After college, Öztürk traveled the western United States with other rock climbers, wintering in Indian Creek or Joshua Tree, climbing in Yosemite during the spring and fall, and spending summers in Squamish, British Columbia. In 2004, while working as a rigger on a film team in Indian Creek, Öztürk impulsively decided to free solo North Sixshooter Peak. The crew filmed his ascent and included it in the climbing film, Return 2 Sender.

His first attempt at the Shark's Fin route of Meru Peak took place in 2008 with Anker and Chin. They spent 19 days on the climb but turned back 500 feet short of the summit.

In 2011, Öztürk suffered a near-fatal skiing accident in Jackson, Wyoming, from which he made a dramatic recovery that enabled him to complete the first ascent of the Shark's Fin on Meru Peak with Conrad Anker and Jimmy Chin, that same year.

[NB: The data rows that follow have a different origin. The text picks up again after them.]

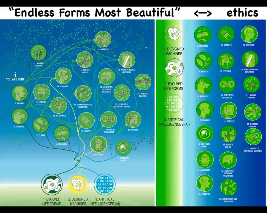I also think that when Darwin had this famous phrase, "endless forms, most beautiful," he was really impressed at the wide variety of living forms that he saw. Everything that he saw, that end of one example of the tree of life on Earth, is a tiny corner of this massive option space of possible beings, possible bodies, and possible minds. Because biology is so highly interoperable, because biological systems will find a coherent way to exist even when mixed at every level with foreign DNA and nanomaterials. And so every combination of evolved material, designed material, and software is some kind of plausible agent. So we have cyborgs and hybrids and chimeras. Many of these already exist. They will increasingly exist. And this has huge implications for ethics because the old way of figuring out how you're going to relate to something, which is where did it come from, meaning was it evolved or designed? And what does it look like? What's inside? Is it a human brain? Is it soft and squishy? Is it made of metal? Those kinds of criteria are basic, they were never any good really, but they served okay in prior ages. They're not going to survive the next couple of decades. It's a completely different game looking into the future where we're going to have to find ways to relate to beings that are nowhere on the tree of life relative to us and that are completely different in terms of their provenance and their structure and behavior. And so we're going to have to figure out a way to relate to them.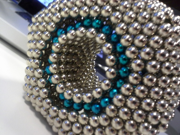 Beading on this work is artfully arranged into a beautiful, colorful, shiny design. |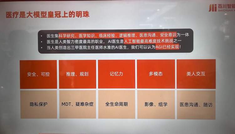 百川智能,这是去年4月刚成立的公司,经过一年多的发展,第一次在世界人工智能大会展区设了不小的展台,也展示了公司正在测试中的医疗应用AI健康顾问,周到君现场体验了下,比如从“一只眼睛红肿,该吃什么药?”这个问题开始,经过几轮对话,最后竟然可以给出一个比较靠谱的解决方案。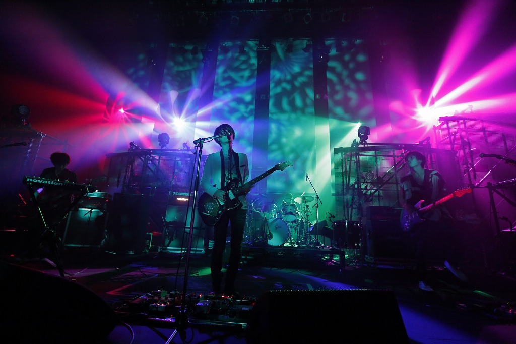 突如、暗転したままの会場にふいにギターの調べが鳴り響いたかと思うとファルセット混じりの歌声が続く。そこにはなんとすでに光村が。光村の姿が暗闇から浮かび上がるとそのままニュー・シングル「夢1号」のイントロへ。古村、坂倉、対馬のコーラス・ワークが重なって荘厳なハーモニーが出現し、会場の空気を一気に塗り替えていった。初披露された11月のZEPP TOKYO公演からライヴを重ね、4人のコーラス・ワークはさらにふくよかな広がりを見せるようになっていた。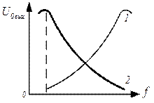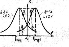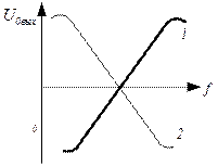 Рисунок 22.6 - Детекторная характеристика рассмотренного ЧД: 1 – частоты настройки первого и второго контуров: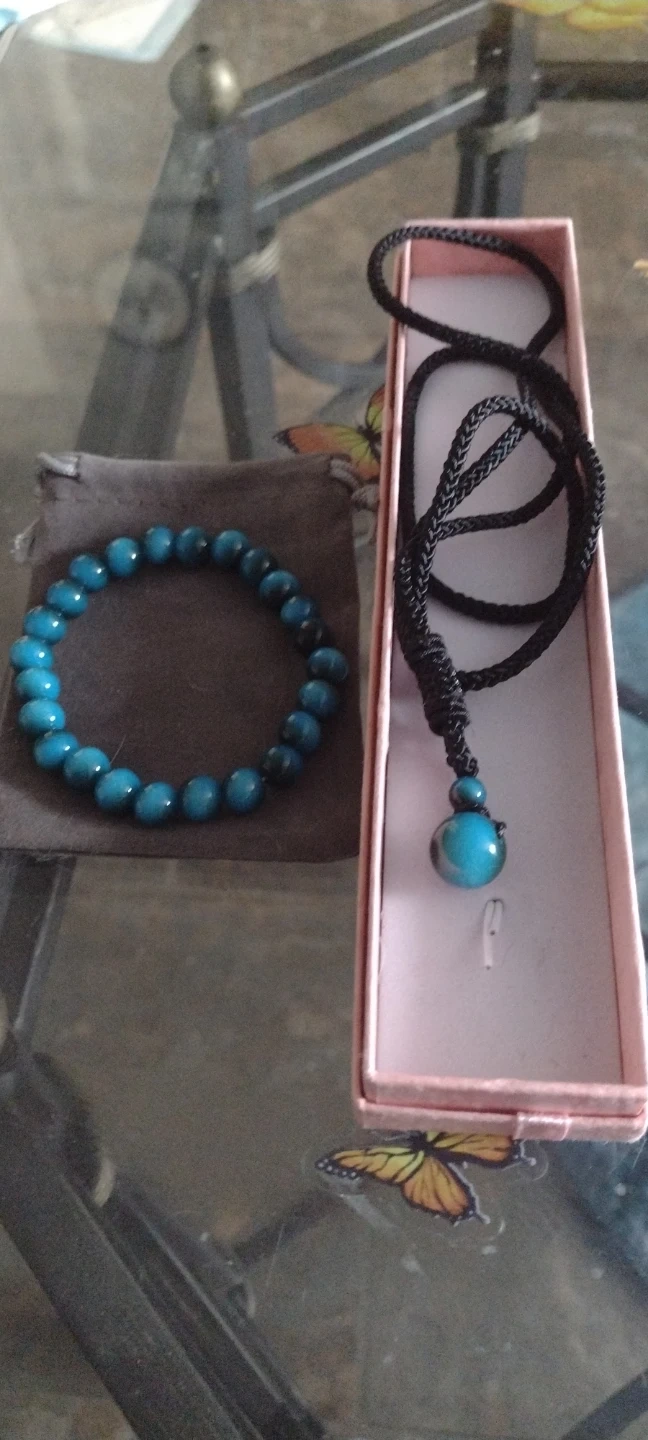 Here's a beautiful set featuring a turquoise beaded bracelet and a matching necklace! The necklace has a black cord and a single turquoise bead pendant. They come in a cute little box and pouch, perfect for gifting or keeping them safe when you're not wearing them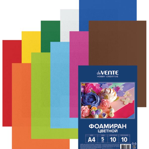 Фоамиран цветной 'deVENTE', А4 , 5 мм , 10 листов , 10 цветов, 8112302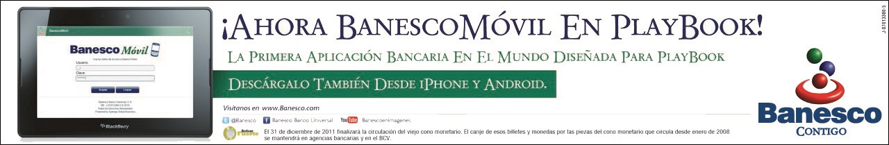 Cintillo de BanescoMóvil informando promocionando la aplicación como la primera en el mundo diseñada para PlayBook.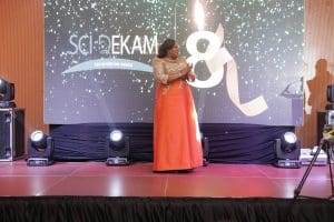 « C’est avec un immense plaisir conjugué à un réel sentiment de fierté que nous vous recevons ce soir dans cette somptueuse salle pour célébrer un moment particulièrement spécial dans l’histoire de notre entreprise immobilière, La SCI DEKAM. Aujourd’hui, nous marquons huit années de passion, de résilience, de foi en Dieu à qui je veux rendre toute la gloire, de travail acharné et de réussite« , s’est réjouie la DG .Puis d’ajouter: »Huit années, durant lesquelles nous nous sommes attelés a matérialiser les rêves de nos clients, a permettre aux différentes familles de trouver un chez-soi, à transformer des espaces en lieux de vie, en communautés florissantes et en opportunités d’investissement« .
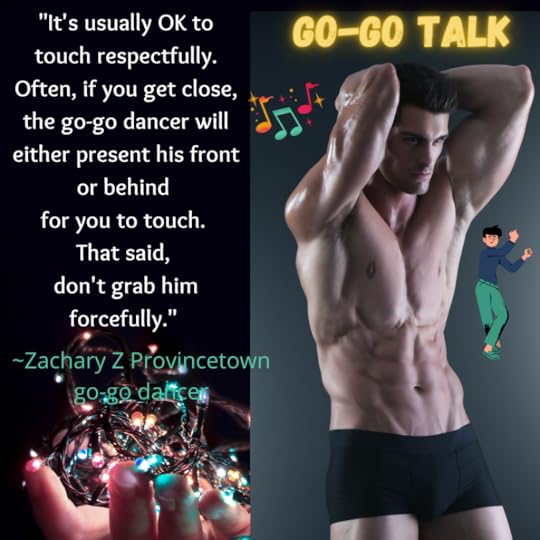 Zachary Zane, a Provincetown MA, go-go dancer, offers words of wisdom for gay men who attend performances. Touching respectfully, according to him, is acceptable, but there are limits. “I told you it was OK to touch, but let’s not take a mile when I gave you an inch…or eight.” In other words, customers shouldn’t squeeze too hard or hang on too long.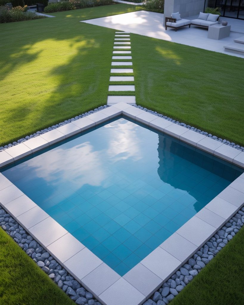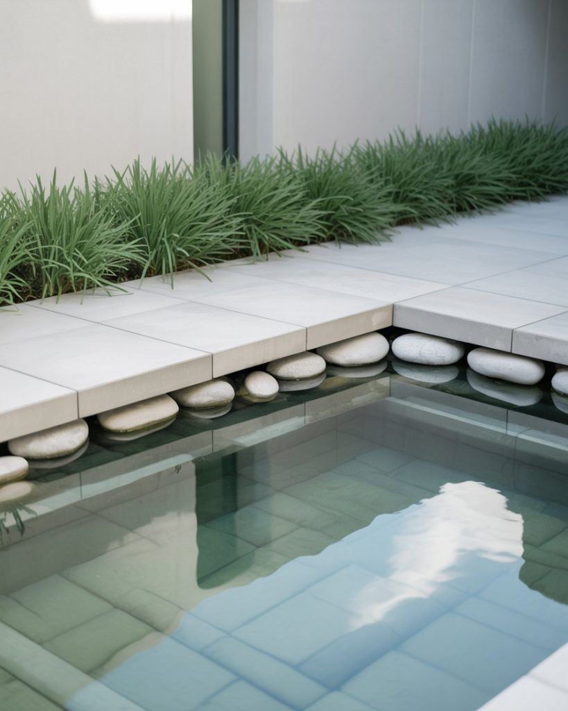 Sometimes the best idea is to keep things simple. A reflective pond with clean lines, minimal decoration, and a few green plants allows the water to take center stage. I once helped a friend build a plain square pond, and its beauty came from the stillness. This idea works well in courtyards or small rooms of outdoor space where less is more.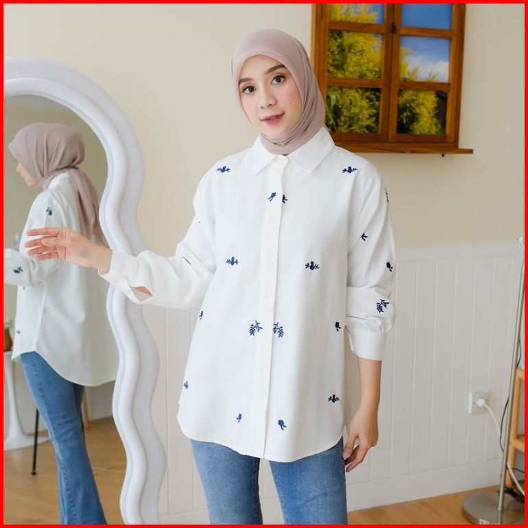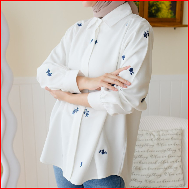 Odeca Hafa Top Kemeja Bordir Atasan Wanita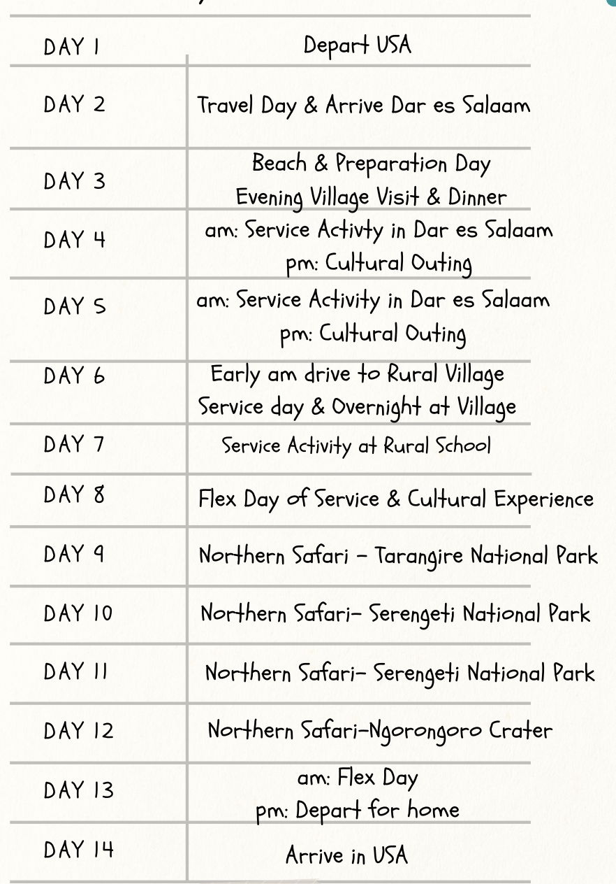 After days of meaningful service and cultural connection, we’ll end our journey with an unforgettable safari adventure—tracking the legendary Big Five across Tanzania’s breathtaking landscapes and soaking in the wild beauty of Africa.

In 2019, Öztürk accompanied Mark Synnott on an Everest expedition to search for Sandy Irvine's body. Öztürk led a documentary team from National Geographic to film the expedition for a documentary called Lost on Everest.

==Personal life==

Öztürk painted, often using found materials for his artwork, became interested in photography and filmmaking.

==Awards==

- 2011 Golden Piton Award 'Big Wall'.
- 2013 National Geographic 'Adventurer of the Year'.

==Notable ascents==
- 2011: First ascent of the Shark’s Fin Route on Meru Peak in the Himalaya.
- 2012: First ascent of The Tooth Traverse (5.10R M5 A2+; 26,200 feet) across the Moose's Tooth Skyline, Denali National Park.
- Free ascent of Freerider , on El Capitan.
- First ascent of the SW Cat Ear Spire, Trango Towers, in the Himalaya
- First ascent of The Beholder V, on the Eye Tooth, Ruth Gorge, Denali National Park.
- First ascent of the SW Buttress of Tawoche, Khumbu Himalaya.